Load all MoE experts during warmup
This PR is a somewhat crude hack that allows to load all experts in MoE models during warmup.
The hacky part is the warmup detection - I explicitly examine the ubatch tokens to detect the warmup. I couldn't find a better way to do it, let me know if one exists.
If the model is warming up then n_expert_used is set to n_expert, this will cause all existing experts to be loaded to memory during warmup.
Fixes #11163
A quick test with R1 on llama-server shows all experts loaded into memory during warmup. Inference started immediately once the web interface was available. I will try a test on a non-MoE large model as well to make sure there are no regressions in that case. Thanks for this fix!
I can confirm this is working for me and loads a couple of times faster than letting it warm up "naturally" (can see it uses ~2.5 cores instead of ~0.5 cores so possibly due to avoiding random access on the SSD?)

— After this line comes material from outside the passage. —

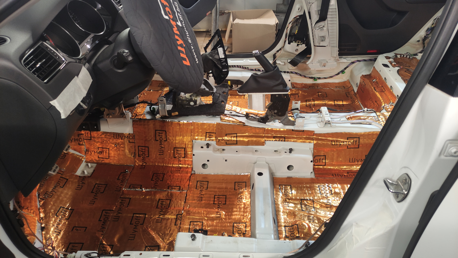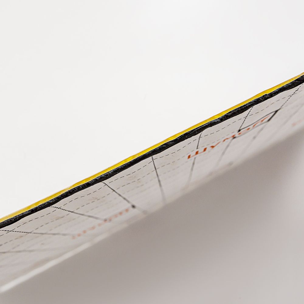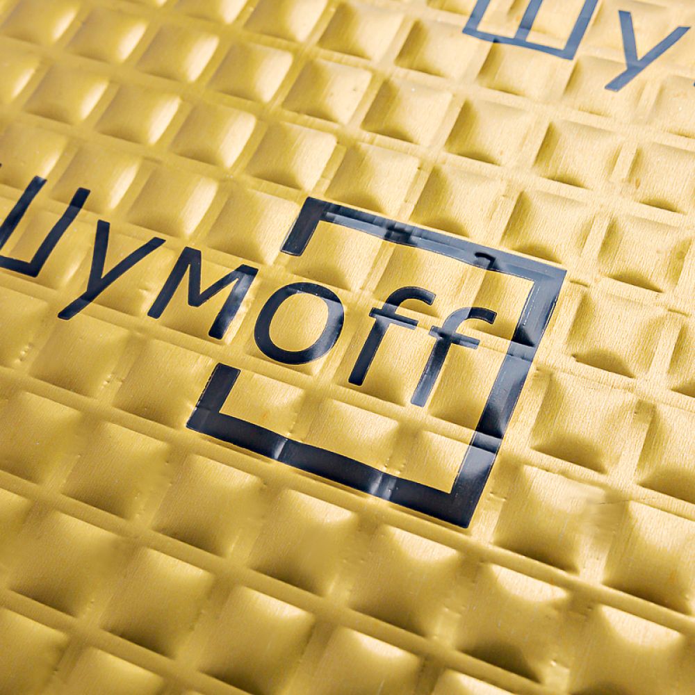 Мастичный слой - высоконаполненная полимерная композиция на каучуковой основе с комплексом компонентов, повышающих виброакустические свойства материала, закрытая антиадгезионной бумагой с логотипами , которая позволяет защитить монтажный слой от пыли, грязи и легких повреждений до момента монтажа.
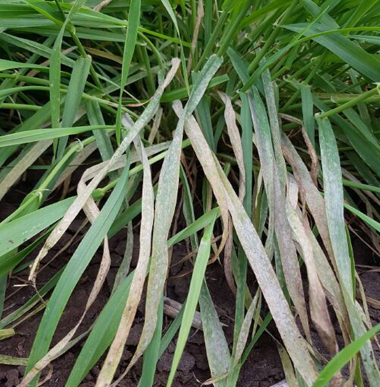 Symptoms: Similar to barley but with twisted leaves

The hacky part is the warmup detection - I explicitly examine the ubatch tokens to detect the warmup. I couldn't find a better way to do it, let me know if one exists.

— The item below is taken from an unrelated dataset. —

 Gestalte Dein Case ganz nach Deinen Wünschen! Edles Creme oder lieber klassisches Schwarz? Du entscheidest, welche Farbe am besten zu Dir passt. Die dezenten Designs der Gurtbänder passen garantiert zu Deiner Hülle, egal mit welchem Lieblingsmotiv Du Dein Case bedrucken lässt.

I'll consider adding proper support for this in https://github.com/ggerganov/llama.cpp/pull/11213.
The hacky part is the warmup detection - I explicitly examine the ubatch tokens to detect the warmup. I couldn't find a better way to do it, let me know if one exists.
I'll consider adding proper support for this in #11213.

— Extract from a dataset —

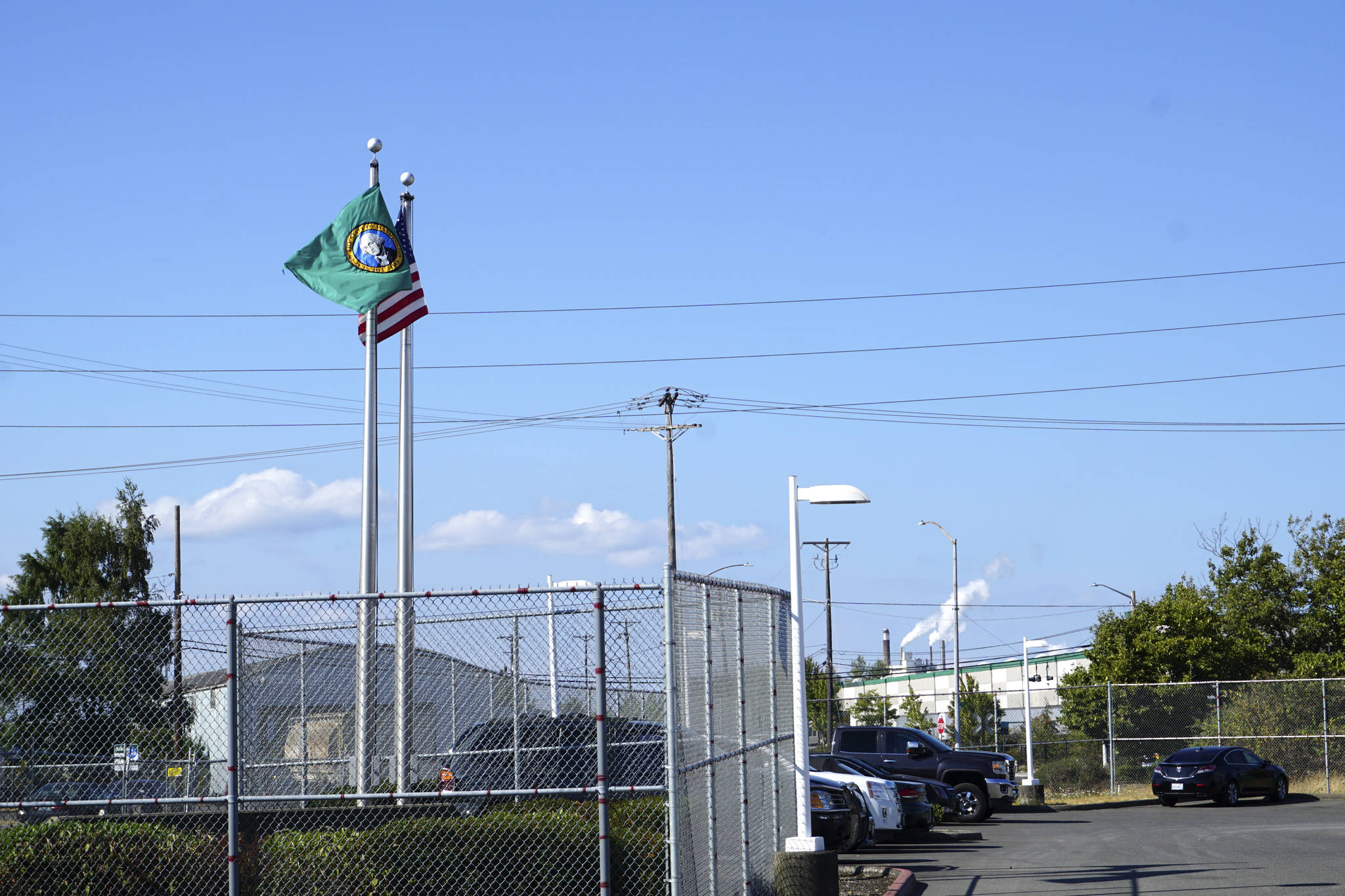 Located on Tacoma’s Tideflats, NWDC sits adjacent to land that the Environmental Protection Agency (EPA) designated as a Superfund site—one of the nation’s most toxic areas due to the dumping of hazardous waste—referred to as the “Tar Pits.” The detention center complex was eerily quiet during a recent visit, somehow immune to the din of traffic on a state highway less than a quarter mile away. A barbed wire fence glistened in the sun and encased the sprawling complex, separating it from an active rail line situated 8 feet away from yet another fence recently erected by the City of Tacoma in response to protests on the public right-of-way. Plumes of smoke rising from industrial plants juxtaposed the billowing American and Washington state flags that mark the center’s entrance.

@ggerganov if you are going to work on warmup then take a look at this: #11733
TLDR: Using 1-token-long sequence (instead of current 2 BOS and EOS tokens) in the warmup batch fixes token generation performance bottleneck (+80% to tg t/s with llama-3.1 70b f16) on dual Epyc systems.
@fairydreaming Any chance you can resolve the conflicts for this PR?
I was just about to do the final tests on the MLA PR but need this and https://github.com/ggml-org/llama.cpp/pull/11397 to do it! :)
@jukofyork It's not a matter of resolving the conflicts. Since #12181 is now merged the code on which I based this little hack is no longer there. It would have to be basically implemented from scratch based on the current code.
I guess I will close it for now, as it's no longer a valid solution.
@fairydreaming yeah, I realised after asking just how extensive the changes have been! 😮
I've just resorted to capturing a copy of the master before all the changes and gonna wait until things settle down.
I reimplemented this on the current master. This time added a proper API call for enabling warmup mode:
LLAMA_API void llama_set_warmup(struct llama_context * ctx, bool warmup);